__INSTRUCTIONS FOR THE TASK__. Return, exactly as written, the lines of the material from its top through the line with "RS: Zelo travmatična", keeping pictures out.
INPUT RECORDS: Begin
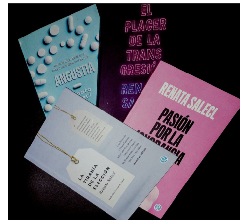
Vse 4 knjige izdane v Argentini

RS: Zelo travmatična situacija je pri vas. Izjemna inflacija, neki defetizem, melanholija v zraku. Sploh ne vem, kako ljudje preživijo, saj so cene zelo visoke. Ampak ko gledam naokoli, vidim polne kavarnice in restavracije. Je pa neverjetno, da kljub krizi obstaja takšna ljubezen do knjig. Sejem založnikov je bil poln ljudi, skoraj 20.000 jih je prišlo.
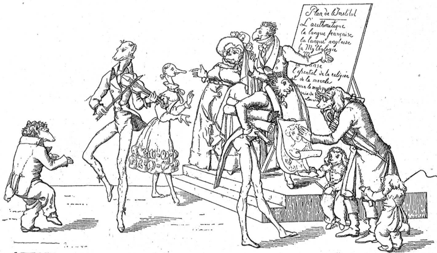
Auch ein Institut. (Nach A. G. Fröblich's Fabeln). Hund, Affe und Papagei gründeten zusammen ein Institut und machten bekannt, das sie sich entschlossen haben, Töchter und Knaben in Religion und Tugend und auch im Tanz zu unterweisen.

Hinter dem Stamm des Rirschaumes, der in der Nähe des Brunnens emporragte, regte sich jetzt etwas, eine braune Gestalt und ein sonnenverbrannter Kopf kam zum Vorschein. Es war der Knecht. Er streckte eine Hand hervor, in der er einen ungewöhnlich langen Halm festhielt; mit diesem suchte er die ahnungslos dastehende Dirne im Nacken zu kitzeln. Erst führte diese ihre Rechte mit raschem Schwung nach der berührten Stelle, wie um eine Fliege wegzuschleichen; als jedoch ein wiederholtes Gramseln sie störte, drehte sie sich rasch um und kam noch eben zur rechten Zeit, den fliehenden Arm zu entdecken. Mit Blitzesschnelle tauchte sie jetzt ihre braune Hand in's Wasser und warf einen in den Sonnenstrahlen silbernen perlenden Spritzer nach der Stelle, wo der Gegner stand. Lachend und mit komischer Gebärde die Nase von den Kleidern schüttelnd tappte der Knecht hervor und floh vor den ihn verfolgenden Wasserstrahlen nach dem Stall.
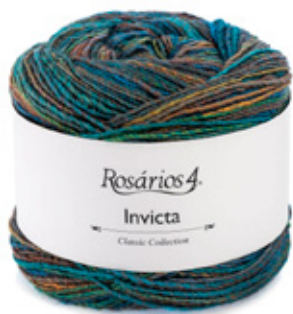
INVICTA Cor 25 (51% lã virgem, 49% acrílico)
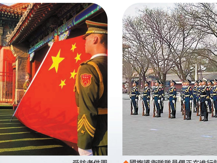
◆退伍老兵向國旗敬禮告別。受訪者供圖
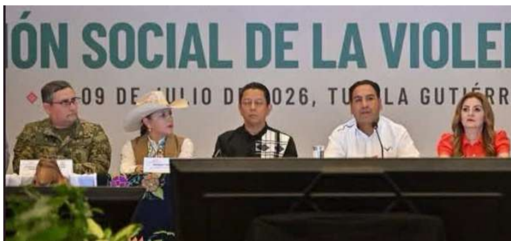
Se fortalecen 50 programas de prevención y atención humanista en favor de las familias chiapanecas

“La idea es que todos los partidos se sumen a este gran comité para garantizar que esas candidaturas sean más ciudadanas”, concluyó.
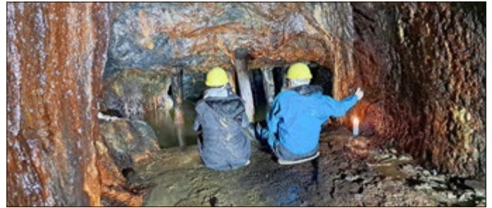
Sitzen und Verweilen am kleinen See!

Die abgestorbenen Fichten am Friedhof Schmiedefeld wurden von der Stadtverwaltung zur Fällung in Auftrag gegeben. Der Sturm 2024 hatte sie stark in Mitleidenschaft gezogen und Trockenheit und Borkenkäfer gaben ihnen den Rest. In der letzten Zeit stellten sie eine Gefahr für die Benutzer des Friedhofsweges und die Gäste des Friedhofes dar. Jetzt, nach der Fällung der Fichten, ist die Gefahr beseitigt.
INPUT RECORDS: End
__SOLUTION__.
Vse 4 knjige izdane v Argentini

RS: Zelo travmatična situacija je pri vas. Izjemna inflacija, neki defetizem, melanholija v zraku. Sploh ne vem, kako ljudje preživijo, saj so cene zelo visoke. Ampak ko gledam naokoli, vidim polne kavarnice in restavracije. Je pa neverjetno, da kljub krizi obstaja takšna ljubezen do knjig. Sejem založnikov je bil poln ljudi, skoraj 20.000 jih je prišlo.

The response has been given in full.